• _EXERCISE_:
The pictures in the listing below are to be skipped, while the lines between the line holding "Adaptador de cargador" and the line holding "وكتب أيضا وائل", inclusive, are to be output exactly.

• _EXERCISE INPUT_:

******************************

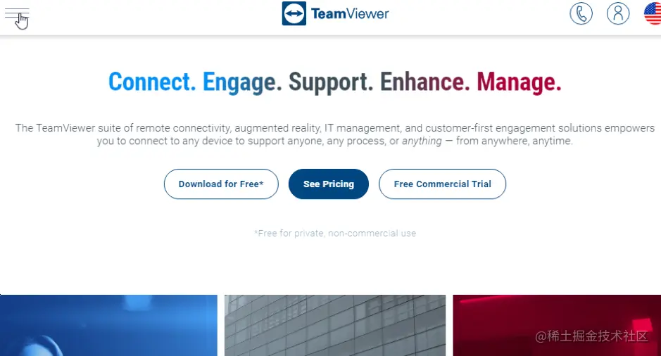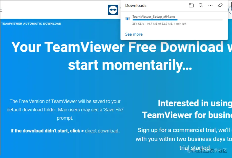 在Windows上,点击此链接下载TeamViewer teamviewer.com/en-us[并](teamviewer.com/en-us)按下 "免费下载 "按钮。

******************************

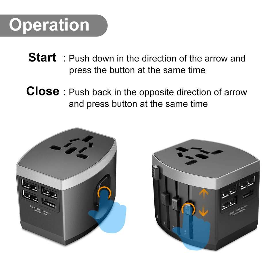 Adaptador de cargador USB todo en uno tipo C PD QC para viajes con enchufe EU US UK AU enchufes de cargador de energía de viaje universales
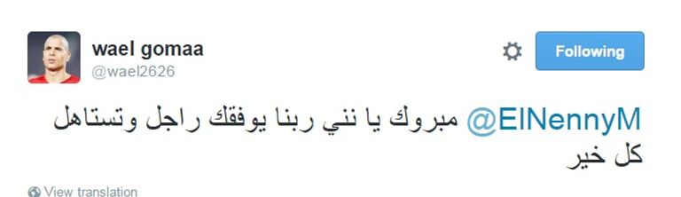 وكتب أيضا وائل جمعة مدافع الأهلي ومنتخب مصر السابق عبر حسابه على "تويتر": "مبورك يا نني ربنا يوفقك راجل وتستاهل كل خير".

******************************

• _SOLUTION TO THE PROBLEM_:
 Adaptador de cargador USB todo en uno tipo C PD QC para viajes con enchufe EU US UK AU enchufes de cargador de energía de viaje universales
 وكتب أيضا وائل جمعة مدافع الأهلي ومنتخب مصر السابق عبر حسابه على "تويتر": "مبورك يا نني ربنا يوفقك راجل وتستاهل كل خير".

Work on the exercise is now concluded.